File Under:rock
ballads di
Silvio Vinci (25/05/2012)
John
Mayer è un ragazzo che riempie gli stadi, va in televisione, piazzando al
numero uno delle classifiche di vendita i suoi dischi, suona con session men del
calibro di Pino Palladino e Steve Jordan, una delle migliori sezioni ritmiche
in circolazione, è innegabilmente dotato di fascino e talento, scrive e compone
straordinari pezzi coniugando il sacro verbo del blues e del soul con il rock
apparentemente di facile presa, ma mai stucchevole o banale. Talento , punto e
basta. Non è giusto incensare artisti che per due o tre brani pur di ottima fattura
ci fanno ingoiare interi album noiosi e facilmente accantonabili, e snobbare uno
come John Mayer che ha pubblicato ottimi lavori, magari anche commerciali , ma
spesso godibilissimi. Per chi non avesse grande familiarità con la sua discografia,
ricordo in sintesi che ha alle spalle cinque lavori come John Mayer ed uno come
John Mayer Trio. Try (2007) e Continuum (2005) sono stati i dischi
della consacrazione, Battle Studies del 2009 l'ultimo lavoro in studio,
e giusto per darvi un'idea del successo del nostro amico, questo signore ha collezionato
tutti i premi possibili per un artista rock: miglior disco rock, miglior voce
maschile, miglior assolo, #1 in classifica negli USA...(su Wikipedia c'è il suo
palmares aggiornato ad oggi, ndr).
E' chiaro che ho notevole stima
di questo 36enne della provincia americana, artista a tutto tondo, grande voce,
ottimo chitarrista di matrice blues rock, sopratutto a mio parere valido songwriter.
John Mayer è uno dei più importanti artisti americani del nuovo millennio e la
sua carriera ne è la testimonianza.
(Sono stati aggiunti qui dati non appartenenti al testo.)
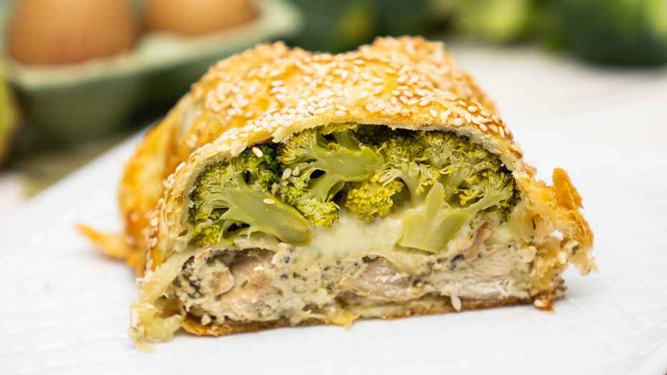 Śmietankowy kurczak w cieście francuskim z brokułami

Esce in questo pigro mese di maggio Born
and Raised e si capisce dal primo ascolto che, messe da parte le preoccupazioni
per il denaro, che certamente non sarà un suo problema per il futuro, la mano
scorre leggera, ma consapevole, sulla sei corde della chitarra, per darci una
serie di meravigliose ballate, dall'incredibile profumo di deserto, praterie,
Gran Canyon e Delta del Mississippi. Queen of California
apre con il caratteristico tocco, ballata bluesy, affascinante. The
Age Of Worry sembra uscire dai polverosi archivi di The Band, melodiosa,
southern rock. Shadow Day è l'hit single,
piacevole e orecchiabile, ottima produzione (insieme a Don Was, ndd)
e certosino lavoro di studio alle spalle, l'avrebbero voluta scrivere centinaia
di rockers perdenti dell'ultima ora.
Il disco fila liscio che è un piacere,
è una straordinaria sequela di ballate, suonate e cantate a briglia sciolta (tra
i musicisti Chuck Leavell e Greg Leisz, oltre ai camei vocali di Graham Nash
e David Crosby, ndd), con misurati innesti di organo Hammond, slide,
e qualche coro femminile ad accarezzare la cima di brani quali
Born and Raised, a mio avviso il pezzo più bello del disco (mi ricorda
tantissimo gli ultimi lavori di Black Crowes o The Band Of Heathens). Delizioso
anche If I Ever Get Around to Living e poi
Whiskey Whiskey Whiskey che tradisce l'amore per Neil Young periodo Harvest. Chiude il disco un'altra
ballad intensa, A Face to Call Home, pochi
accordi facili facili, ma gran bella melodia, e sopratutto ottima voce. Dischi
come questo, delizioso connubio di rock, country, blues e ballad, anche di facile
ascolto, ma suonato come si deve, dio ce ne mandi uno al mese, e sarei felice.
Per chi avesse di John Mayer l'idea del belloccio che scrive pop per adolescenti,
questa è l'occasione giusta per cambiare opinione.